Revenue from sales of the Company's exclusive cervical products grew 62.4% in the third quarter of 2014 to $22.8 million, compared with $14.0 million in the third quarter of 2013, due principally to the growth of Mobi-C. Additionally, revenue from LDR's exclusive lumbar products in the third quarter increased 8.3% to $9.3 million, compared with $8.6 million in the third quarter of 2013, led by revenue growth of the Avenue L lateral lumbar fusion interbody device. Along with growth in the Company's non-fusion products led by Mobi-C, LDR's VerteBRIDGE fusion products for both the cervical and lumbar spine continued to grow, in part, because surgeons who are trained to use Mobi-C can be introduced to the balance of LDR's exclusive technology product lines for use in surgical cases where fusion is appropriate.

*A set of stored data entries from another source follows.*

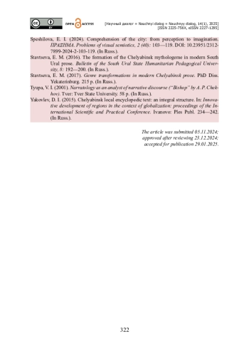 25. Смышляев Е. А. Челябинский поэтический текст как культурная модель / Е. А. Смышляев // Вестник ТГПУ. - 2014. - № 11 (152). - С. 115-118.
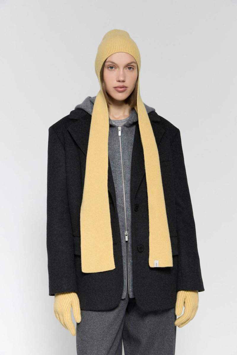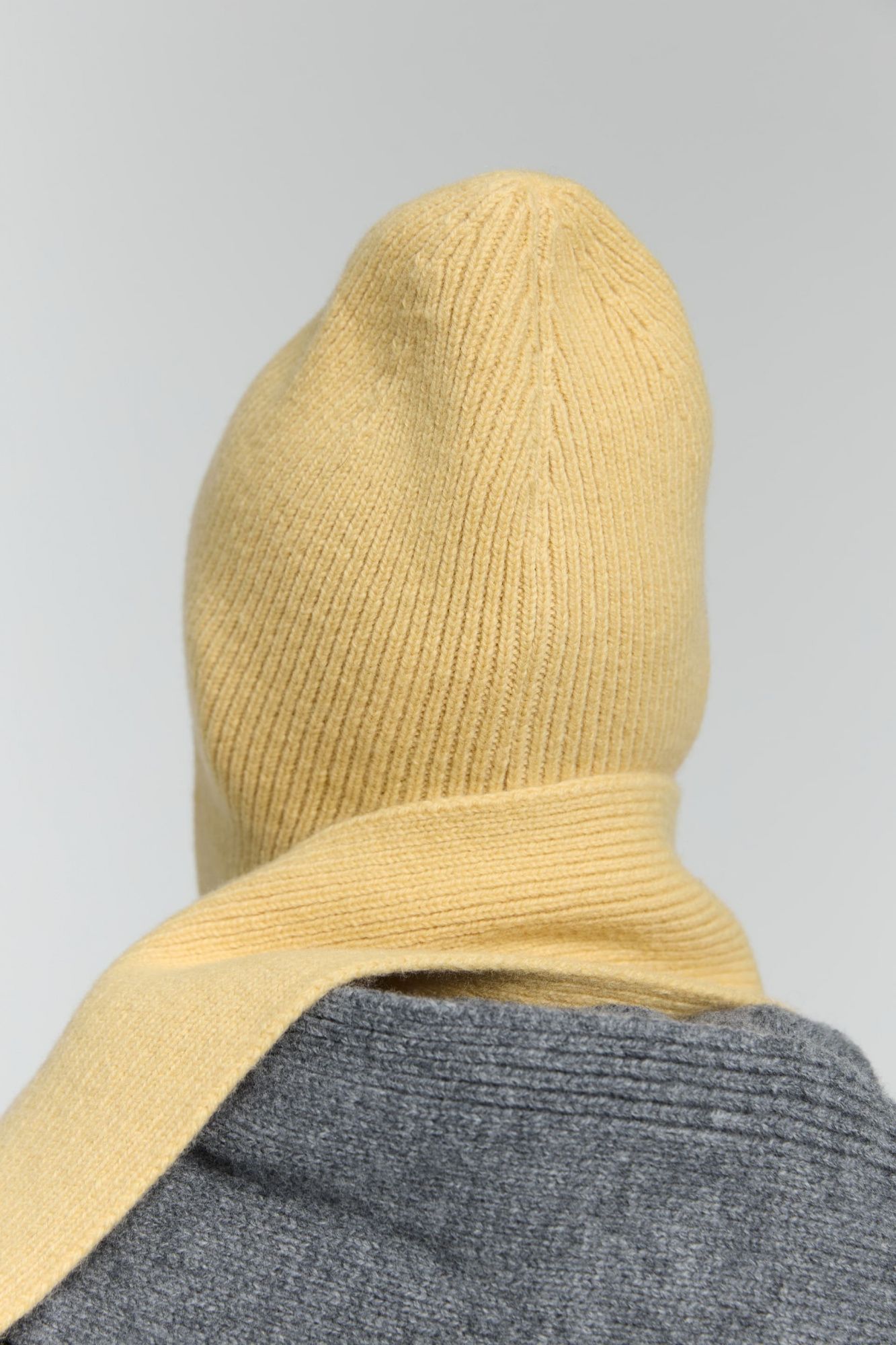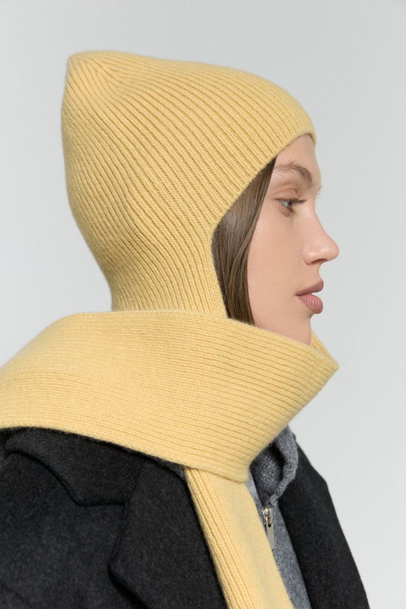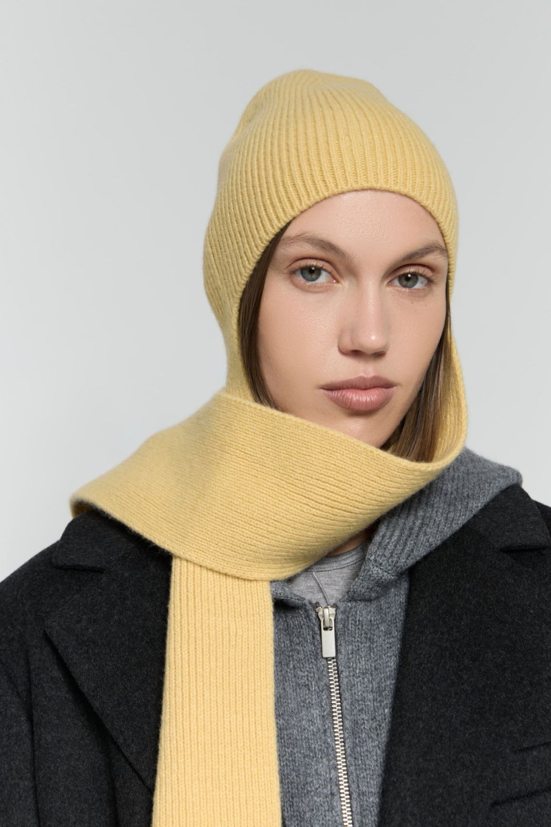 Шапка-шарф связана из 100% шерсти мериноса, сделанной в Италии.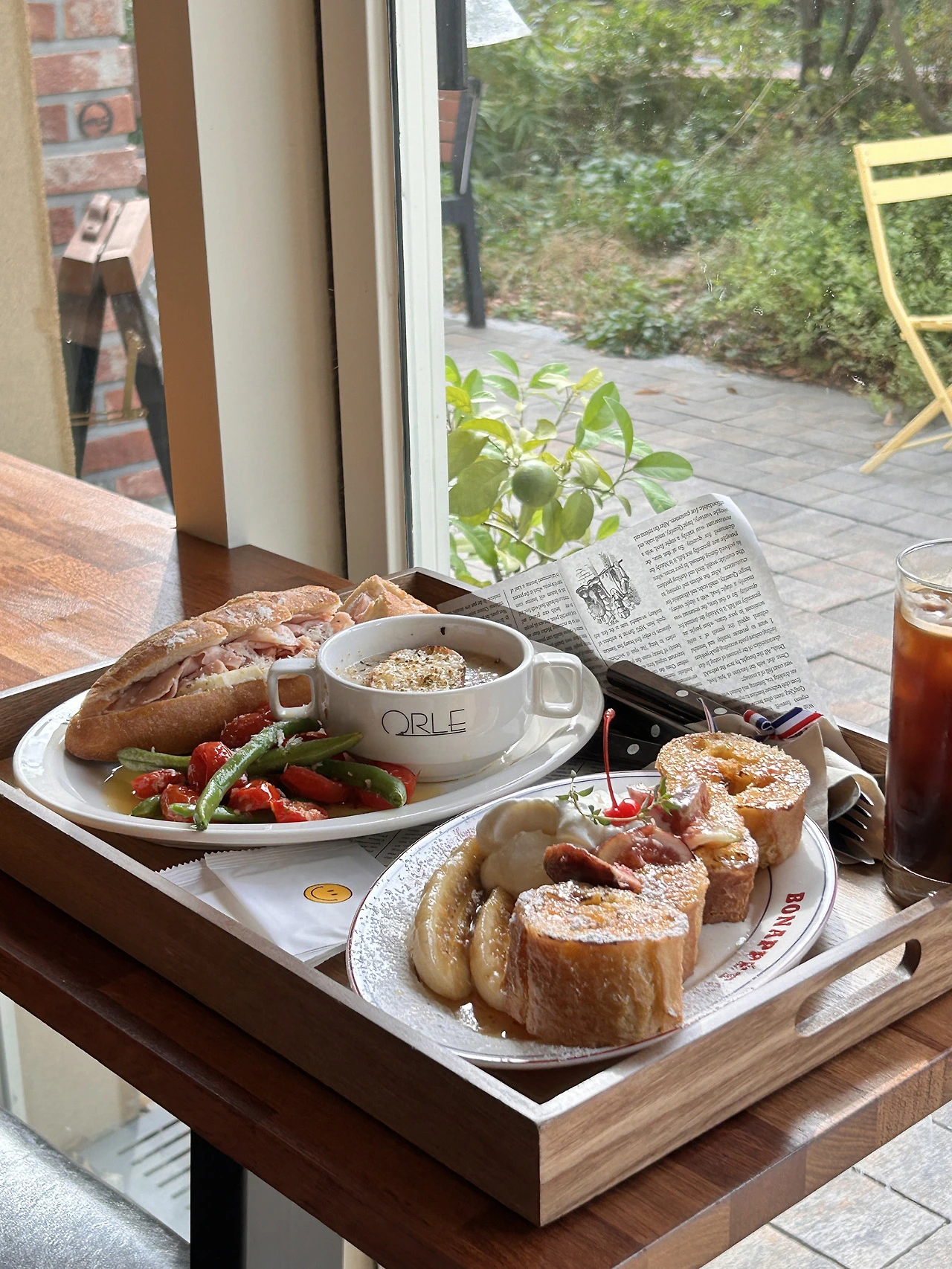 햇살이 따사롭게 스며드는 브런치 카페에 들어섰다. 노란 벽지가 햇빛을 받아 더욱 따뜻하게 빛났다. 잠시 눈을 감고 뜨니 프랑스의 작은 마을에 와 있는 듯한 착각이 들었다. 프렌치토스트와 스프, 잠봉뵈르 샌드위치까지. 분위기와 잘 어울리는 음식들이었다. 음식은 입에서 사르르 녹았고, 마음도 함께 녹아내렸다.

Christophe Lavigne, President and Chief Executive Officer of LDR, commented, "Our exclusive technology products continued strong revenue growth this quarter aided by the rapid adoption of Mobi-C in the U.S. market, and higher revenues in both our cervical and lumbar product lines." He continued, "LDR is the only company offering an FDA-approved two-level cervical disc replacement solution, which has proven superiority over the traditional fusion technique for patients indicated for a two-level cervical disc. Our PMA approval provides us with a strong competitive advantage and serves as a high barrier to entry for any potential competitors due to the lengthy multi-year PMA process for both clinical trials and FDA review. We are capitalizing on our 'first mover' advantage by investing in sales and marketing, physician education and training, and the establishment of a reimbursement group via our Horizon 2016 initiative."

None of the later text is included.